TASK PROMPT –
All of the listing, from first line to last, should be output exactly; the pictures stay out.

DATA BLOCK –
******************************

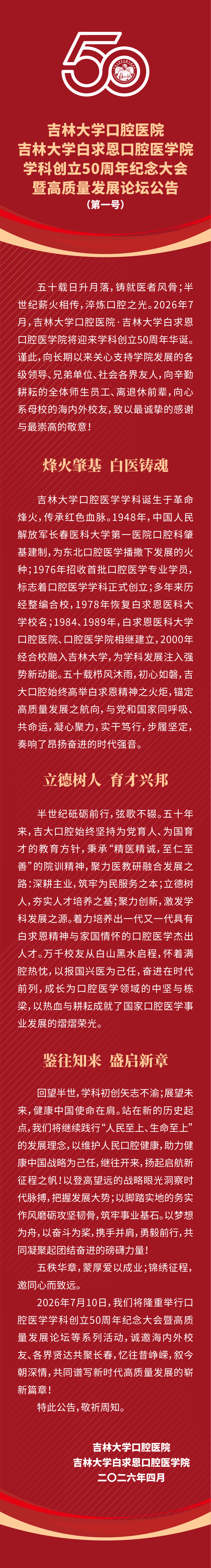 吉林大学口腔医院·吉林大学白求恩口腔医学院学科创立50周年纪念大会暨高质量发展论坛公告(第一号)
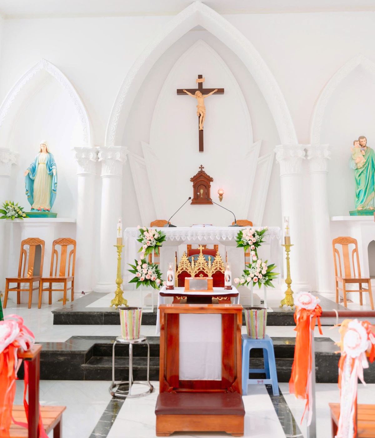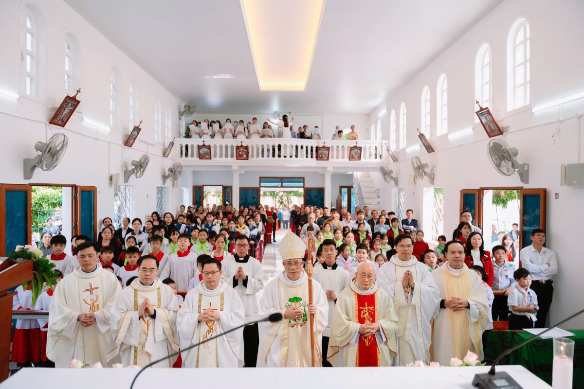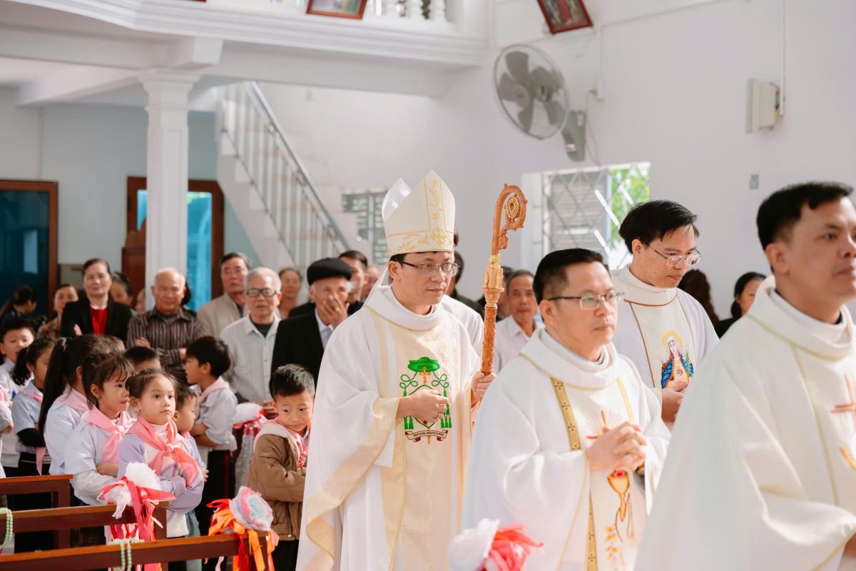 9g30, cộng đoàn hân hoan chào đón Đức cha Phụ tá Phaolô Nguyễn Quang Đĩnh về với giáo họ.
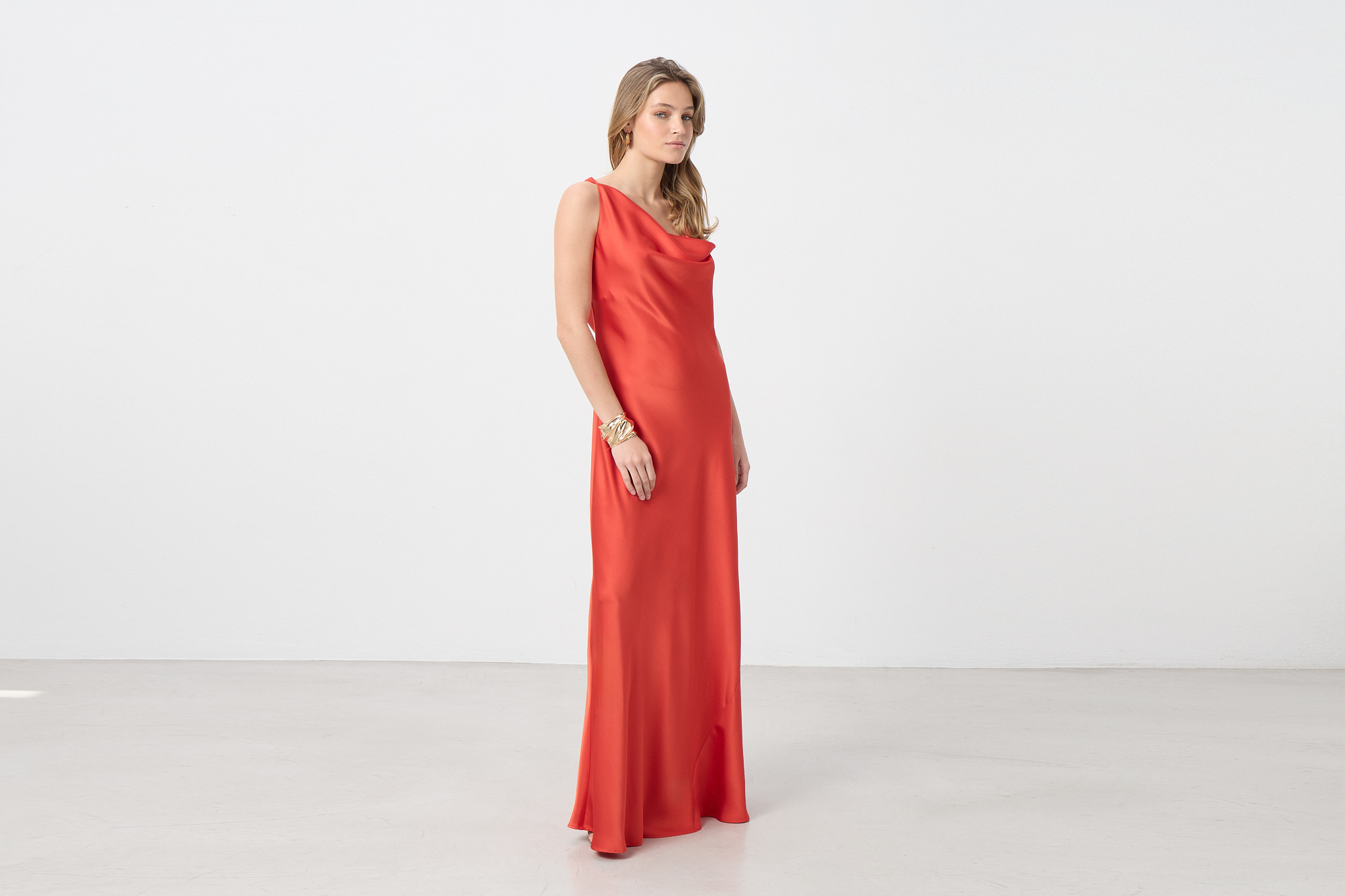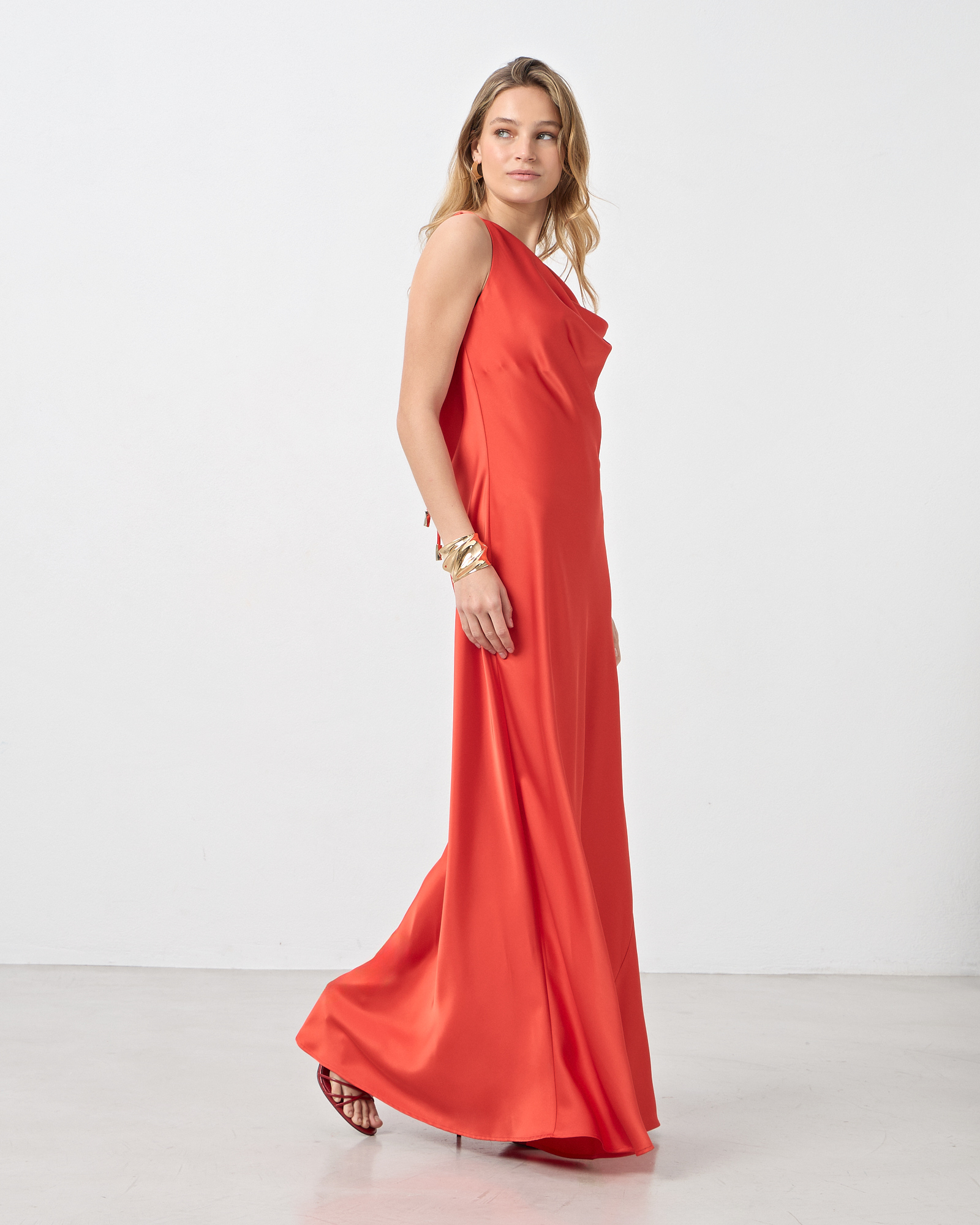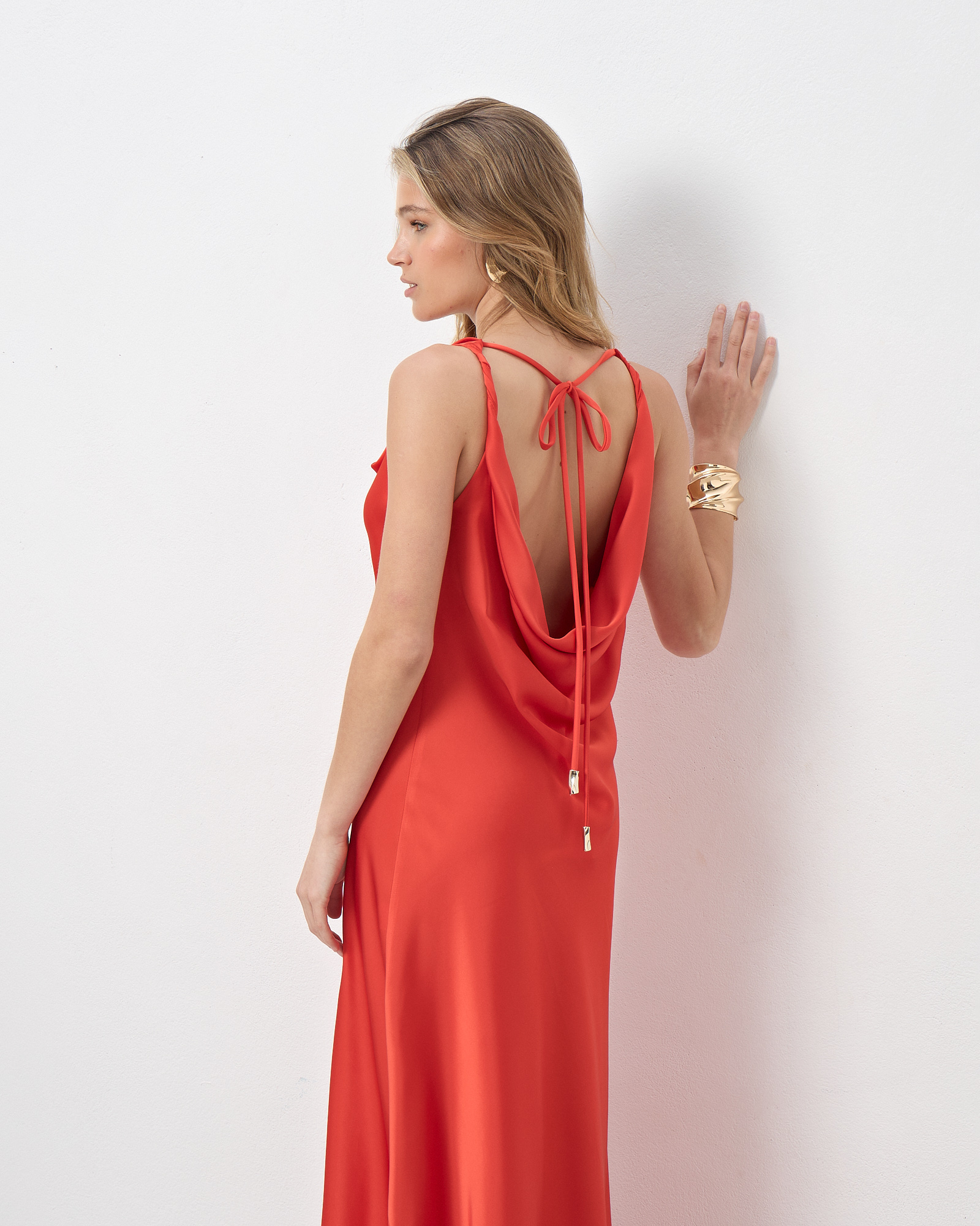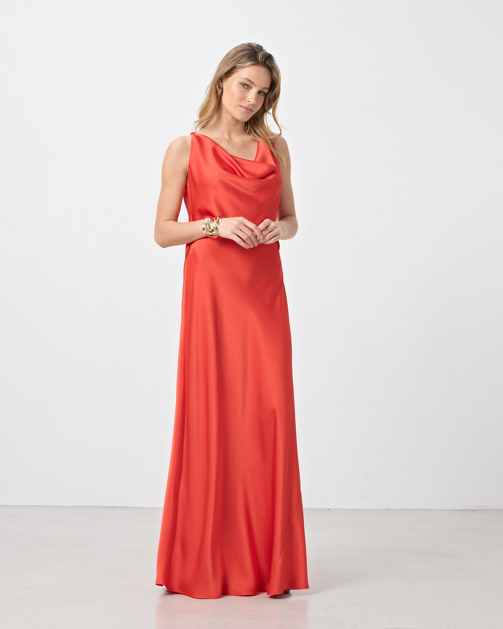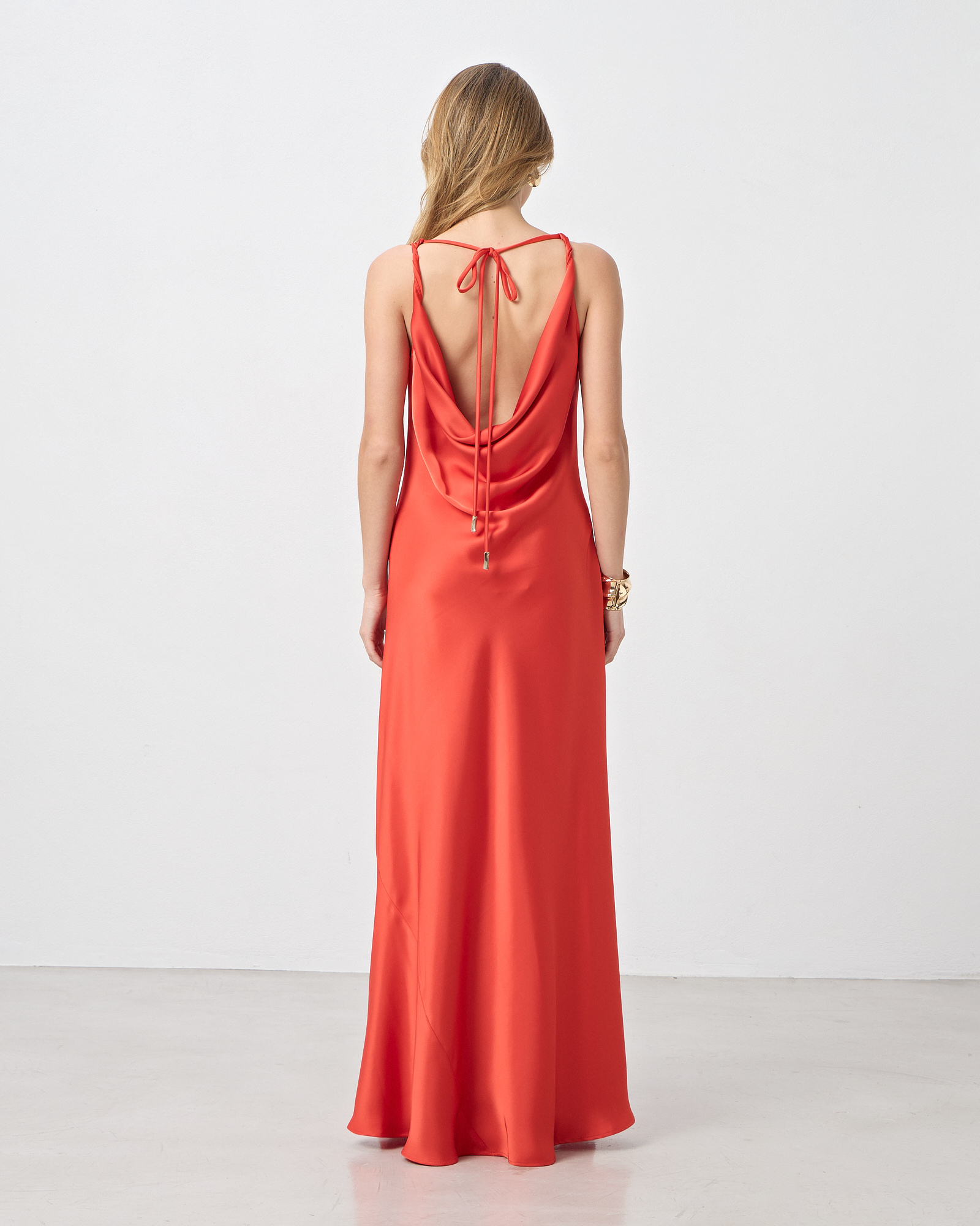 Φόρεμα maxi σατέν με τιράντες, ντραπέ ντεκολτέ και πλάτη, δέσιμο πίσω στο λαιμό, σε κανονική γραμμή

******************************

EXPECTED ANSWER –
 吉林大学口腔医院·吉林大学白求恩口腔医学院学科创立50周年纪念大会暨高质量发展论坛公告(第一号)
 9g30, cộng đoàn hân hoan chào đón Đức cha Phụ tá Phaolô Nguyễn Quang Đĩnh về với giáo họ.
 Φόρεμα maxi σατέν με τιράντες, ντραπέ ντεκολτέ και πλάτη, δέσιμο πίσω στο λαιμό, σε κανονική γραμμή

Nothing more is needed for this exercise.